- _Data excerpts_
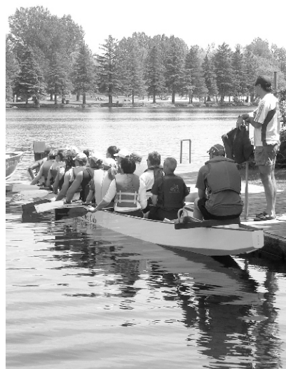
Live it Up... program

Thank you to our many generous donors who provide space, refreshments and prizes for events, and hours of in-kind support.
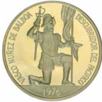
3097* Panama , proof five hundred balboa, 1976 (KM.42). In pack of issue, FDC.
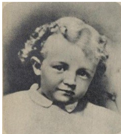
Picture 1. A Boy Like Any Other (detail). In Gyermekünk (“Our Child”), 1970, Vol. 2. No. 4. page 18.

Celebrations were very important in the communist system: both the repetitive ones every year and the single jubilees. For example, the 20 year-anniversary of Hungary's liberation (1965) was one of these: the Second World War ended in Hungary on April 4, 1945, when the last German troops and their Hungarian allies were expelled by the Soviet Army. After that, April 4 became an official holiday in the occupied country, and the Red Army stayed in Hungary until 1991. Half century-anniversaries followed: the “Great October Socialist Revolution” in 1967, the Hungarian Soviet Republic in 1969, and the next year (1970) was Lenin's centenary. A festive calendar can be compiled from the anniversaries and celebrations in the socialist Hungarian society – a liturgy, which
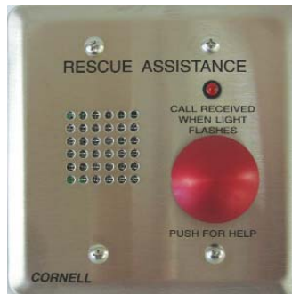
4201B/VM Vandal Resistant Call Station with Mushroom Switch
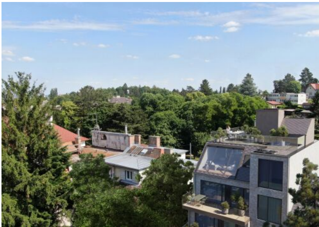
Herbeckstraße 130 | Vogelperspektive
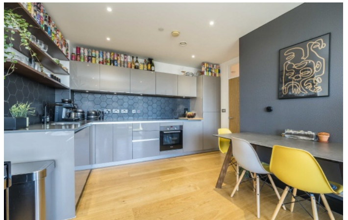
Barry Blandford Way, E3
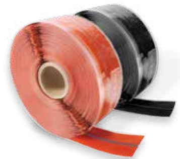
Colored guide line only on TGL (Triangular Guide Line) tapes.
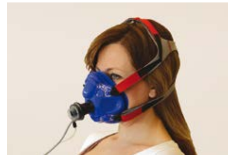
Alternatively to the canopy hood, REE can also be measured on spontaneously breathing subjects using a multi-use silicone face mask (5 sizes available)
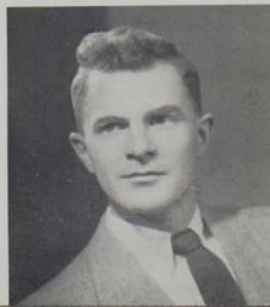
Wallace Norley Composition
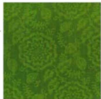
Damask Silk Tudor Rose Green
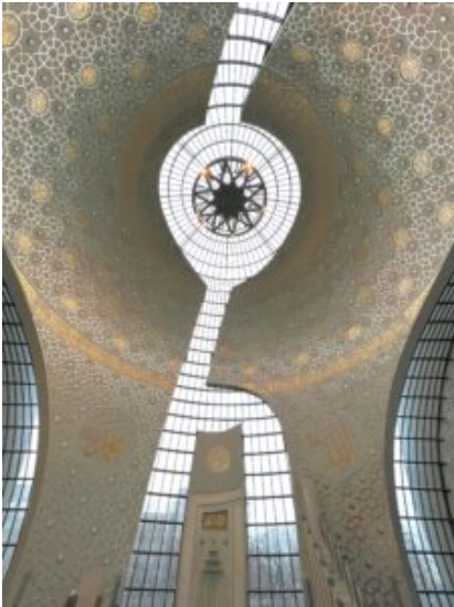
Light opening in the dome of DiTiB Central Mosque Cologne
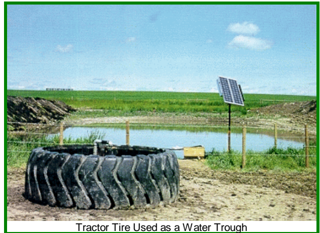
Tractor Tire Used as a Water Trough
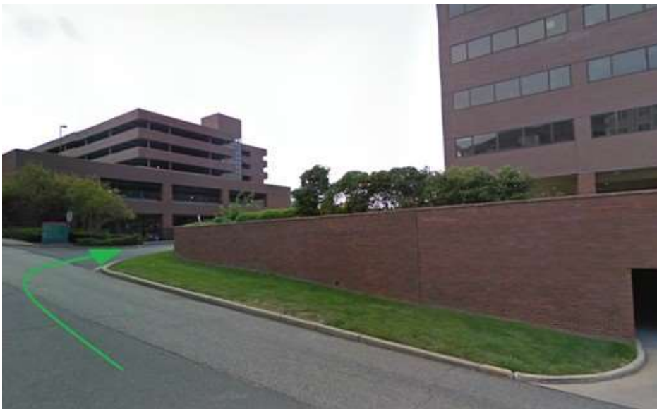
Our Entrance --- parking lot/garage
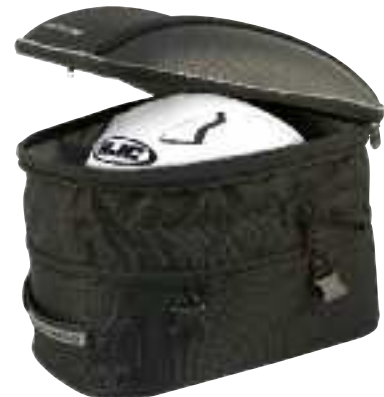
CL-1060-ST2 SHOWN FULLY EXPANDED
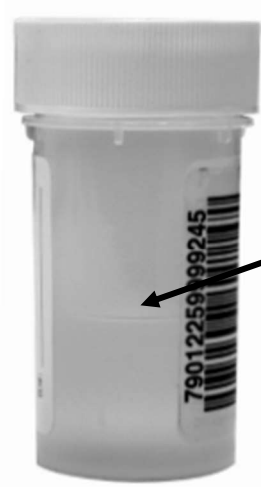
Barcode label: vertical, smooth, aligned with PreservCyt® Solution label

Please avoid placing labels over this blank window on the vial
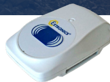
Extronics AeroScout Wi-Fi-based RFID tags are supported by Rajant's network

Rajant has partnered with Extronics to support its AeroScout Wi-Fi-based active RFID tags for personnel and asset tracking. Because Rajant's network never breaks for handoff, tracking of personnel and assets is highly reliable and can also be used to identify productivity bottlenecks in real-time to improve operational efficiency.
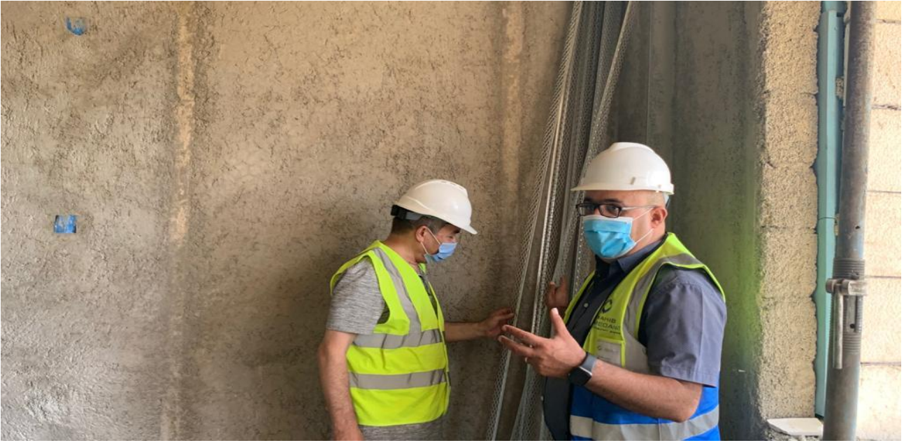
Substitution to the plastering beads
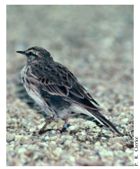
NZ pipit 19 cm
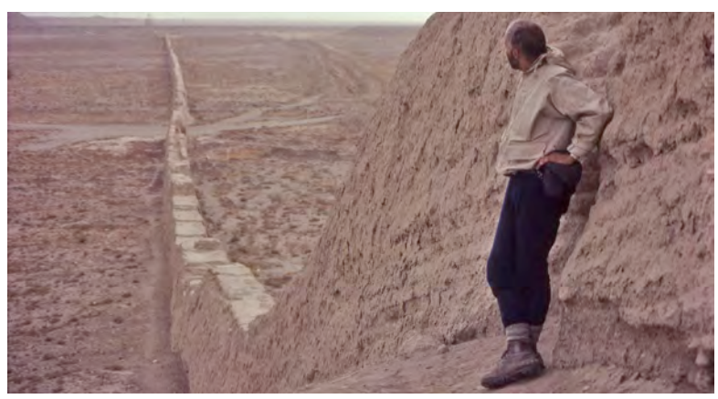
Below: Silk Road travellers entered China's heartland at Jiayuguan, the 'Jade Gate'. For the Chinese, it used to mark the westernmost outpost of civilization.

Below: The Great Wall in the Taklamakan Desert.
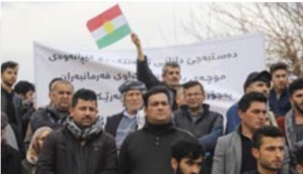
Iraqi Kurds hold a rally to protest against corruption and scarcity of services in the city of Sulaimaniyah
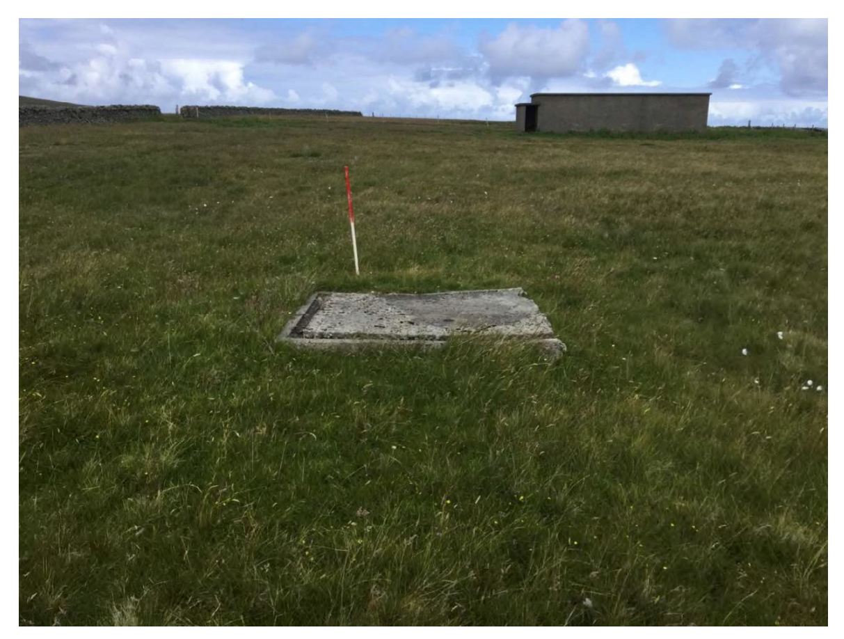
Plate 16: Northfacing view of a concrete foundationblock. This example is Site 204a the northern most of three concrete blocks (Sites 204a-c)
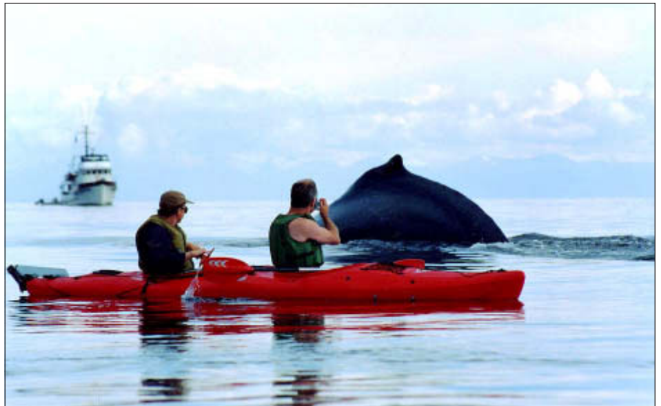
This is Up-Close!

Whether you're a seasoned pro or enthusiastic amateur, our guided trips feature wildlife and nature photo opportunities like no other place on earth! On these trips we always focus—pun intended!—on capturing the humpback whale's unique cooperative 'bubble net' feeding behavior. We've chosen optimum dates to observe, up-close, this phenomenon that occurs only in the waters of Frederick Sound and Chatham Strait. Seeing six to twenty of these ocean giants in choreography is absolutely stunning, even if you aren't gripping a camera. To quote one of our photo

- _Assigned task_
Please report every line of the records above that contains the word "RFID".

- _Solution to the exercise_
Extronics AeroScout Wi-Fi-based RFID tags are supported by Rajant's network
Rajant has partnered with Extronics to support its AeroScout Wi-Fi-based active RFID tags for personnel and asset tracking. Because Rajant's network never breaks for handoff, tracking of personnel and assets is highly reliable and can also be used to identify productivity bottlenecks in real-time to improve operational efficiency.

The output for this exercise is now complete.